Your task
Look below for the line containing "2019年12月3日下午,伟"; from there, print each line exactly up to and including the line containing "Houtgravure van Emil", and stop.

Information given
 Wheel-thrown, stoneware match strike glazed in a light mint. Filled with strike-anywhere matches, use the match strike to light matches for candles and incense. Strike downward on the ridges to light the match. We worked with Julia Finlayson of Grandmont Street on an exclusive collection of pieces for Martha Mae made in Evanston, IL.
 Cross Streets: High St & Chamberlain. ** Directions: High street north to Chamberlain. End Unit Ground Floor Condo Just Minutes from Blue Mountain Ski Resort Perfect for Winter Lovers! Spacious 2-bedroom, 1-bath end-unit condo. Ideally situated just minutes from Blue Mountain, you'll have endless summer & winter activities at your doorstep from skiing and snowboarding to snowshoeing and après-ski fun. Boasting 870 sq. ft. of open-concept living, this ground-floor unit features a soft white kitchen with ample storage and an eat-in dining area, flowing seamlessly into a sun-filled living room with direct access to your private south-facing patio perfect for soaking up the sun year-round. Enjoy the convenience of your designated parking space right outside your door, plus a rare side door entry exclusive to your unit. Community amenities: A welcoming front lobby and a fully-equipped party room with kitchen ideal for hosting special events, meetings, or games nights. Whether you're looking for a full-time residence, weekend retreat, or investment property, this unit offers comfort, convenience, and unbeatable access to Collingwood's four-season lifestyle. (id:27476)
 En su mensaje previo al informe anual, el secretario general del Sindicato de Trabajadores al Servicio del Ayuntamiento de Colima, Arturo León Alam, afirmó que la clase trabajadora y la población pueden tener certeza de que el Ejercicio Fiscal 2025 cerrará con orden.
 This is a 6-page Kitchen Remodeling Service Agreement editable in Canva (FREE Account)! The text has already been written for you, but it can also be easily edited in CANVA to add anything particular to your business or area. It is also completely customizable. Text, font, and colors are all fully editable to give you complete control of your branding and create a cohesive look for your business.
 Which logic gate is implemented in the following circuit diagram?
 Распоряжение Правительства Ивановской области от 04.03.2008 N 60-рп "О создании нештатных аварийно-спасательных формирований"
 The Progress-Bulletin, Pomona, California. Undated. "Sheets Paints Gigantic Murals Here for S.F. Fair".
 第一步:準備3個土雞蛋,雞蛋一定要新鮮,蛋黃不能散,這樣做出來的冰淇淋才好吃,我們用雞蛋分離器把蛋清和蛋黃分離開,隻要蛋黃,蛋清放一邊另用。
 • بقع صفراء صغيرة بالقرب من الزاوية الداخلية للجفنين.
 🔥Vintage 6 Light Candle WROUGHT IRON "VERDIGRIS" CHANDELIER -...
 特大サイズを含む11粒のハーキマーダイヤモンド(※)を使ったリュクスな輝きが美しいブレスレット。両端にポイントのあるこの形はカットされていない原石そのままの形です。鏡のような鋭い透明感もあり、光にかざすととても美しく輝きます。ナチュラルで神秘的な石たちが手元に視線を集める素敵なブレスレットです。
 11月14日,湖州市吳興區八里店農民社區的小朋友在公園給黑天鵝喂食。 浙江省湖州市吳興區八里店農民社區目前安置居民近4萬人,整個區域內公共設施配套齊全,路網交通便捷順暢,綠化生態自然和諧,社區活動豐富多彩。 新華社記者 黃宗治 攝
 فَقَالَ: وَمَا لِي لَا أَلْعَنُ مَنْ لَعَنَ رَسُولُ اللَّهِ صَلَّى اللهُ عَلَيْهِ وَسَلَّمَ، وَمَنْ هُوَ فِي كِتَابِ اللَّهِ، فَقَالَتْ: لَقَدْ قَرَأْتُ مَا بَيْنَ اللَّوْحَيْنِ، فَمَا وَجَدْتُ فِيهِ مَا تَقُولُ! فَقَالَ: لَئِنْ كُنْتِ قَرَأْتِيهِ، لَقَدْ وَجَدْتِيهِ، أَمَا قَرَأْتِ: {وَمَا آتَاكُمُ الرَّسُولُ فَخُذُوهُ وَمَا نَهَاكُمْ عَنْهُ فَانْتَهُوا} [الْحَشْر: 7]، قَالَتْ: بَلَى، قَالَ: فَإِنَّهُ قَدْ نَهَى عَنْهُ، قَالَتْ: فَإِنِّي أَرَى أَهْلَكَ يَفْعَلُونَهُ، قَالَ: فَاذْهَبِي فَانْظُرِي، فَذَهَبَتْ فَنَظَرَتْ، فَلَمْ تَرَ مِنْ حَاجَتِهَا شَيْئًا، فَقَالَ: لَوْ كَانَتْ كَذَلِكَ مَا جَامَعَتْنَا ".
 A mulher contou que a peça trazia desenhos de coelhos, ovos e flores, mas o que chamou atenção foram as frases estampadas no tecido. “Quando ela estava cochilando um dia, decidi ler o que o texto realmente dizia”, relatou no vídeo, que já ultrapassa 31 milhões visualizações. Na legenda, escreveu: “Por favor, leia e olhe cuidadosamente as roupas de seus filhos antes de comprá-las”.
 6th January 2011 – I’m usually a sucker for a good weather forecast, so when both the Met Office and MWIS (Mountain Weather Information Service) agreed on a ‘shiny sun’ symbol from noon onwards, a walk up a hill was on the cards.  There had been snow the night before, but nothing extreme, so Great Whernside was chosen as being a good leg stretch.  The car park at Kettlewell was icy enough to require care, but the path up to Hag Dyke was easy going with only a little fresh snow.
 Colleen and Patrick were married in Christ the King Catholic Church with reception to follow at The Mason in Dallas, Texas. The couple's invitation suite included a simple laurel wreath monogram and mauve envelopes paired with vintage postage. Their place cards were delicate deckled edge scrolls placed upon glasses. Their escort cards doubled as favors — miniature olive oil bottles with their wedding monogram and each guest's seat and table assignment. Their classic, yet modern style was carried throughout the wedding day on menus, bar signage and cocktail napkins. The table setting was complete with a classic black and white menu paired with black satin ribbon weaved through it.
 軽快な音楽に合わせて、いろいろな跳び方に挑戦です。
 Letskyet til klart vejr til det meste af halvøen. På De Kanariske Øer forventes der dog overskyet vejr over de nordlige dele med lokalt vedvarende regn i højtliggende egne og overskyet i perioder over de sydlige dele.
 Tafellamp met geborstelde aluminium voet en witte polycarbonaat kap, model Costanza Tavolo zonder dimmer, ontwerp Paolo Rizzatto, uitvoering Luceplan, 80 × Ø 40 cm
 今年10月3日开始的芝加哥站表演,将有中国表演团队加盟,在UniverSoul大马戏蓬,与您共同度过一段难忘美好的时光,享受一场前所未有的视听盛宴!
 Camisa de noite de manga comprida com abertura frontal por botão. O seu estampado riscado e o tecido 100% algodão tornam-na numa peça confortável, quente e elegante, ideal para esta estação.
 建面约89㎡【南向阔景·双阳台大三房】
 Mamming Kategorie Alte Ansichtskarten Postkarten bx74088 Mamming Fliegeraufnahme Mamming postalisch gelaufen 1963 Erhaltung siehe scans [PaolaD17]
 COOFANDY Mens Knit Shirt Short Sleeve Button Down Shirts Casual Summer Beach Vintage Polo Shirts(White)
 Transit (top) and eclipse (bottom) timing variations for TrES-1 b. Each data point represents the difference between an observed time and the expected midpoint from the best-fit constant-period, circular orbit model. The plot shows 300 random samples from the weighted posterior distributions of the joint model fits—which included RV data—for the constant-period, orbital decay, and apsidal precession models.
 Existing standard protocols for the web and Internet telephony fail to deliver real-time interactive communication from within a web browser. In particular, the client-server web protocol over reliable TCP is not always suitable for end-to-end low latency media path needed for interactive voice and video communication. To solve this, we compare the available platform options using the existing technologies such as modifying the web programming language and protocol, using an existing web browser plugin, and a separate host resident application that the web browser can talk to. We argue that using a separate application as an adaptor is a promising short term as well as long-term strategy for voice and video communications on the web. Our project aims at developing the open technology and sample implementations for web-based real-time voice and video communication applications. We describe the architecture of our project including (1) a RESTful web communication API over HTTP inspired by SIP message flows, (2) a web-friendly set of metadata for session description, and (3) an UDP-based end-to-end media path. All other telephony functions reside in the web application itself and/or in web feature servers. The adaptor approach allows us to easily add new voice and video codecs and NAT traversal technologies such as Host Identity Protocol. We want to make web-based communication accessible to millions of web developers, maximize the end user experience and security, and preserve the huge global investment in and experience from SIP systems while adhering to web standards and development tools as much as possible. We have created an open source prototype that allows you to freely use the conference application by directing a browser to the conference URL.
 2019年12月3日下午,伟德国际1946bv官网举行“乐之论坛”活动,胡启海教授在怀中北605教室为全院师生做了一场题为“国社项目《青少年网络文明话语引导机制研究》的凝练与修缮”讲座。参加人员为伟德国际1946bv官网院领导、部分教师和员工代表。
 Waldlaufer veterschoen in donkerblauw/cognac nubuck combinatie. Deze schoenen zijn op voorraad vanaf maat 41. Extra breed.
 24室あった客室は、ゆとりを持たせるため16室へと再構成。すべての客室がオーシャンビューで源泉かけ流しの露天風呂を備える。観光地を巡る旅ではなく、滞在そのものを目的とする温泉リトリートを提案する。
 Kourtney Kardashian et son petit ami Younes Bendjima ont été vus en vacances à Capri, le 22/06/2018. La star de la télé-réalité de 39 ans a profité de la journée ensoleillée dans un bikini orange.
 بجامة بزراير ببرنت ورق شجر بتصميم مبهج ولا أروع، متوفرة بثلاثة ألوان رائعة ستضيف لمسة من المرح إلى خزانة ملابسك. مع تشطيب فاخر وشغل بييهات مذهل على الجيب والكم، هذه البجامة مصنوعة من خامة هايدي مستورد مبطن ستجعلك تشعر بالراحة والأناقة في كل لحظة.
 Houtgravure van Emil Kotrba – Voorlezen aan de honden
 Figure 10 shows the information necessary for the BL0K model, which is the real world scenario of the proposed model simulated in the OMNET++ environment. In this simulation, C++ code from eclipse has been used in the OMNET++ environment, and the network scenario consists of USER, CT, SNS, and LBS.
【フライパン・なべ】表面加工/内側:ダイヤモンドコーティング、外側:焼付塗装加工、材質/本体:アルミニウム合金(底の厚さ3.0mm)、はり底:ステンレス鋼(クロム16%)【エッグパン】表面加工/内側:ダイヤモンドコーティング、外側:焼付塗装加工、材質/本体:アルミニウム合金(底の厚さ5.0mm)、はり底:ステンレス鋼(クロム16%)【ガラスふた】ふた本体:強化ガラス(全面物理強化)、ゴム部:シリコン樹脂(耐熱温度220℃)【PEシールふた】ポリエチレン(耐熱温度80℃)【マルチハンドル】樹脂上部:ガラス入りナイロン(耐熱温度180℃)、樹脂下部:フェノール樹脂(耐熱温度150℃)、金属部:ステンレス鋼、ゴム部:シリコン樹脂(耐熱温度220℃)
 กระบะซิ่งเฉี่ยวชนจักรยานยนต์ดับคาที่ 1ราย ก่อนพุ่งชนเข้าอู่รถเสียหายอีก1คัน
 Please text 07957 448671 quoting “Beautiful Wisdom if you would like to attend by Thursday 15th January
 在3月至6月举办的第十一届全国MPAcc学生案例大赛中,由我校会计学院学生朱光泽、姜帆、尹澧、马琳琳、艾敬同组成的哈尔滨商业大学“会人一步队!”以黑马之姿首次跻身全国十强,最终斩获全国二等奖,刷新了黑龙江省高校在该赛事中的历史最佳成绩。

Written solution
 2019年12月3日下午,伟德国际1946bv官网举行“乐之论坛”活动,胡启海教授在怀中北605教室为全院师生做了一场题为“国社项目《青少年网络文明话语引导机制研究》的凝练与修缮”讲座。参加人员为伟德国际1946bv官网院领导、部分教师和员工代表。
 Waldlaufer veterschoen in donkerblauw/cognac nubuck combinatie. Deze schoenen zijn op voorraad vanaf maat 41. Extra breed.
 24室あった客室は、ゆとりを持たせるため16室へと再構成。すべての客室がオーシャンビューで源泉かけ流しの露天風呂を備える。観光地を巡る旅ではなく、滞在そのものを目的とする温泉リトリートを提案する。
 Kourtney Kardashian et son petit ami Younes Bendjima ont été vus en vacances à Capri, le 22/06/2018. La star de la télé-réalité de 39 ans a profité de la journée ensoleillée dans un bikini orange.
 بجامة بزراير ببرنت ورق شجر بتصميم مبهج ولا أروع، متوفرة بثلاثة ألوان رائعة ستضيف لمسة من المرح إلى خزانة ملابسك. مع تشطيب فاخر وشغل بييهات مذهل على الجيب والكم، هذه البجامة مصنوعة من خامة هايدي مستورد مبطن ستجعلك تشعر بالراحة والأناقة في كل لحظة.
 Houtgravure van Emil Kotrba – Voorlezen aan de honden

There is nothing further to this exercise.